The question that you ask stands, what explanatory power does it actually have.

I don't think we have that fundamental a difference here - and for what it's worth I'm really enjoying have a constructive disagreement here, with no rancour!

I appreciate that the language of super-agents or egregores can be useful to direct our attention to the ways in which individual ideas or choices can be just products of the higher-level culture. Something I've been trying to be more aware of for a while is the way that most in-the-moment choices aren't particularly free choices at all. The decisions we make on the spot are often just the froth, the bubbles on top of waves that have been shaped by deep, unseen cultural currents.

An egregore can be a way of realising that, and it's probably better to think of it that way than to believe that that all your on-the-spot decisions are authentic expressions of untrammelled free will.

But I do still think it's worth being careful not to think of such constructs as being, for lack of a better term, 'real'. Thinking of the culture or the memespace as an agent is a simplification of what is actually a much more complex process.

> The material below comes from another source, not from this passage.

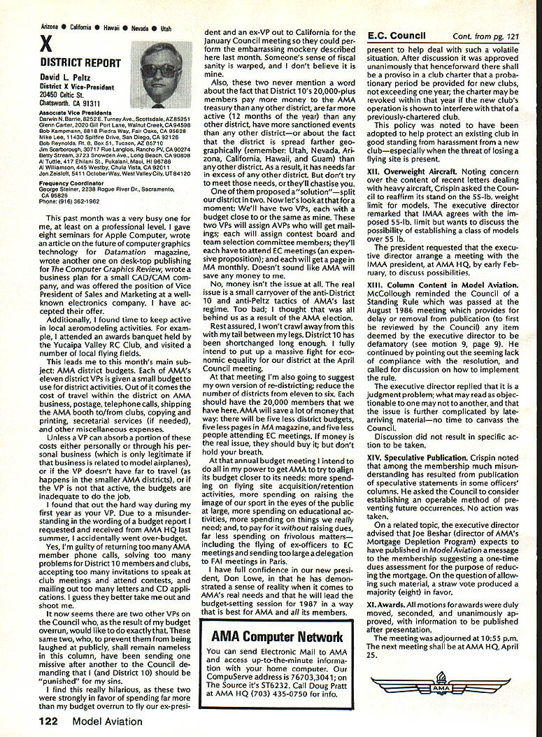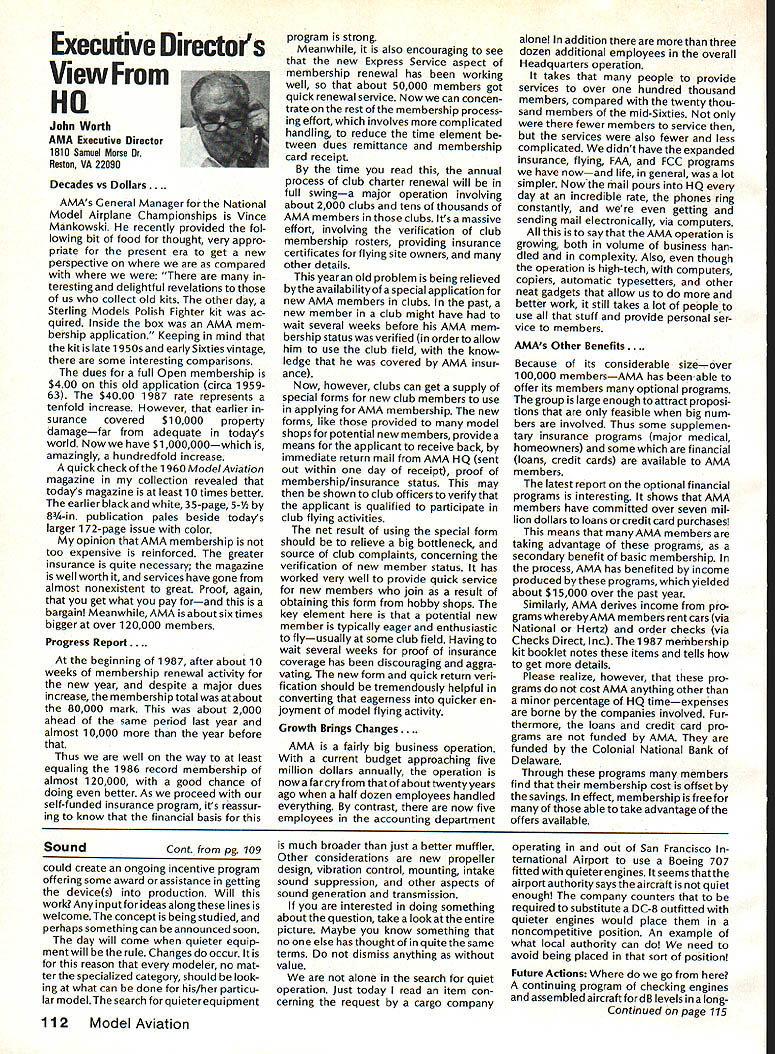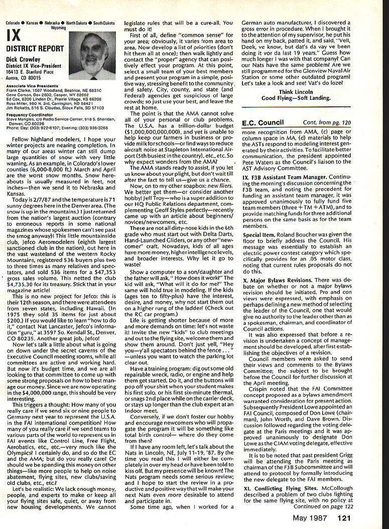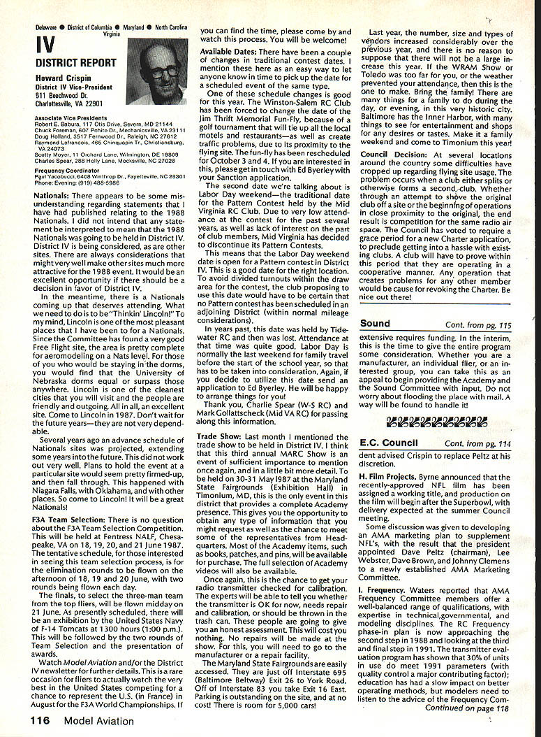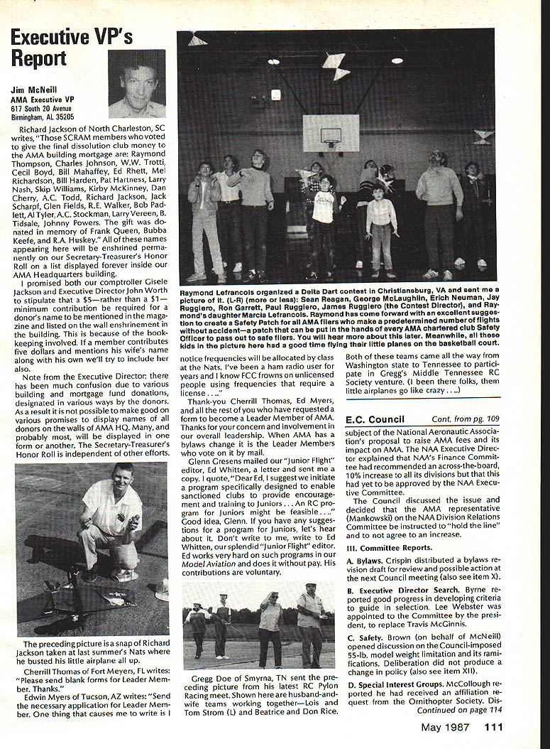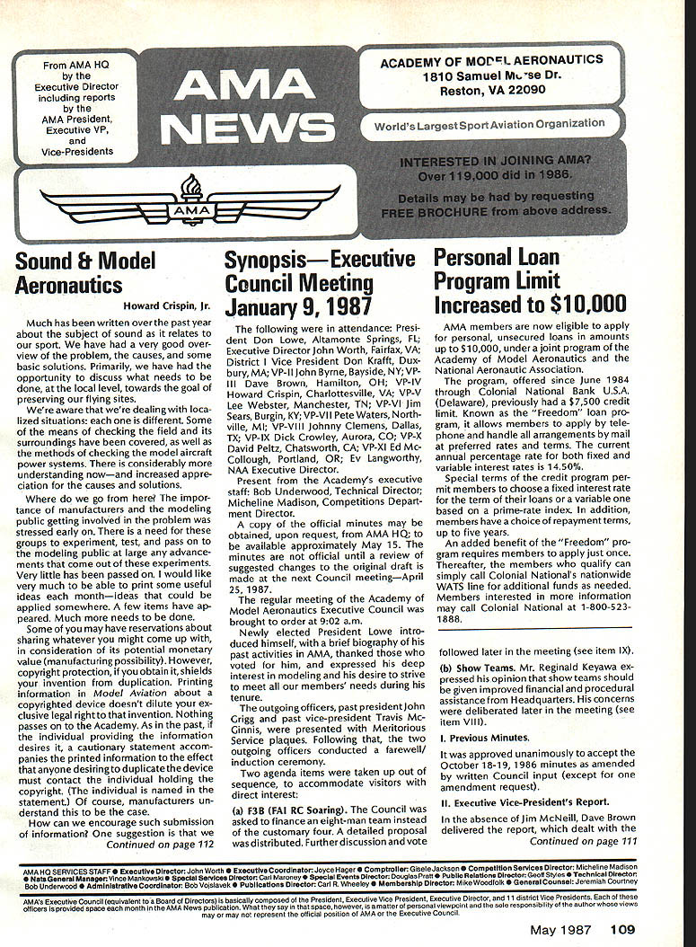 From AMA HO Executive Director including reports AMA President Executive VP Vice-Presidents L Sound & Model Aeronautics Howard Crispin Jr Much has written over past year about subject sound relates sport have very good over view problem causes some basic solutions Primarily have opportunity discuss what needs done local level towards goal preserving flying sites aware dealing loca lized situations different Some means checking field its surroundings have covered well methods checking model aircraft power systems considerably understanding nowand increased appre ciation causes solutions go impor tance manufacturers modeling public getting involved problem stressed early need groups experiment test pass modeling public large advance ments come Out experiments Very little has passed would like very much able print some useful ideas monthideas could applied somewhere few items have ap peared Much needs done Some may have reservations about sharing whatever might come up consideration its potential monetary value manufacturing possibility However copyright protection obtain shields invention duplication Printing information Model Aviation about copyrighted device doesnt dilute ex clusive legal right invention Nothing passes Academy As past individual providing information desires cautionary statement accom panies printed information effect anyone desiringto duplicate device must contact individual holding copyright individual named statement course manufacturers un derstand case can encourage such submission information suggestion Continued page 112 following attendance Presi dent Don Lowe Altamonte Springs FL Executive Director John Worth Fairfax VA District Vice President Don Krafft Dux bury MA VP-Il John Byrne Bayside NY VP Ill Dave Brown Hamilton OH VP-IV Howard Crispin Charlottesville VA VP-V Lee Webster Manchester TN VP-VI Jim Sears Burgin KY VP-VII Pete Waters North ville Ml VP-VIII Johnny Clemens Dallas TX VP-IX Dick Crowley Aurora CO VP-X David Peltz Chatsworth CA VP-XI Ed Mc Collough Portland OR Ev Langworthy NAA Executive Director Present Academys executive staff Bob Underwood Technical Director Micheline Madison Competitions Depart ment Director copy official minutes may obtained upon request AMA HQ available approximately May 15 minutes official until review suggested changes original draft made next Council meetingApril 25 1987 regular meeting Academy Model Aeronautics Executive Council brought order 902 am Newly elected President Lowe intro duced himself brief biography past activities AMA thanked voted him expressed deep interest modeling desire strive meet members needs during tenure outgoing officers past presidentJohn Grigg past vice-president Travis Mc Ginnis presented Meritorious Service plaques Following two outgoing officers conducted farewell induction ceremony Two agenda items taken up out sequence accommodate visitors direct interest a F3B FAI RC Soaring Council asked finance eight-man team instead customary four detailed proposal distributed Further discussion vote AMA members now eligible apply personal unsecured loans amounts up $10000 under joint program Academy Model Aeronautics National Aeronautic Association program offered since June 1984 through Colonial National Bank USA Delaware previously $7500 credit limit Known Freedom loan pro gram allows members apply tele phone handle arrangements mail preferred rates terms current annual percentage rate both fixed variable interest rates 1450% Special terms credit program per mit members choose fixed interest rate term loans variable based prime-rate index addition members have choice repayment terms up five years An added benefit Freedom pro gram requires members apply just once Thereafter members qualify can simply call Colonial Nationals nationwide WATS line additional funds needed Members interested information may call Colonial National 1-800-5231888 followed later meeting see item IX b Show Teams Mr Reginald Keyawa ex pressed opinion showteams should given improved financial procedural assistance Headquarters concerns deliberated later meeting see item VIII I Previous Minutes approved unanimously accept October 18-19 1986 minutes amended written Council input except amendment request II Executive Vice-Presidents Report absence Jim McNeill Dave Brown delivered report dealt Continued page 111 AMA HO SERVICES STAFF S Executive Director John Worth S Executive Coordinator Joyce Hager 0 Comptrolier Gisele Jsckson0 Competition Services Director Micheline Madison 0 Nets General Managar vince MankowakiS Special Services DIrector carl MaroneyS Special Events Director Douglas Pratt 0 Public Relations Director Geoff Styles 0 Technical Director Bob Underwood 0 AdmInistrative Coordinator Bob VojalavekO Publications DIrector carl R WheeleyS Membership Director Mike Woodfolk0 General Counsel Jeremiah Courtney May1987 109 Synopsis Executive Personal Loan Council MeetingProgram Limit January 9 1987Increased $10000 AMAs Executive Council equivalent toaBoard Directors basically composed President Executive Vice President Executive Director 11 district Vice Presidents officers provided space month AMA News publication Whet say space however matter personal viewpoint sole responsibility author views may may represent official position AMA Executive Council Presidents Corner President ACADEMY OF MODEL AERONAUTICS DON LOWE 902 Little Bend Rd Altamonte Springs FL 32701 Since last talked have spent week AMA Headquarters Reston VA say least saturated information overall impression dont know anyone could hold job president organization have full-time employ ment well Academys business complex administered mix paid staff Headquarters volunteer help rest us Since AMA Council president district VPs responsible planning overall functioning Academy must privy important goings-on Headquartersthus constantflurryof correspondence phone calls use computer link Compu Serve 48 people Headquarters en gaged activities membership sales management cost

Yep it's a good example of an idea that needs to show it's value.

Nobody ever thinks of themselves like this.

Uh. You gonna qualify that at all or? Because I do. I and my besties are all hosts to the cutest memeplex <3

In fact, sometimes I feel more like I'm the memeplex than the human. Is it not transparently obvious that a person is but a context embedded in meat? Of course... the meat is part of the context too.

What actually is an ordinary human reason? ['This highly productive and well propagated system of thought called 'formal logic' says it must be true.', 'My friend said so and I trust him.', 'Experts have been right in the past, they probably are this time too.', 'The last three times I interacted with someone of his race they were just assholes to me.']

I don't think OP has a singular central point. They have like, three points, derived from a central model cluster they're sharing.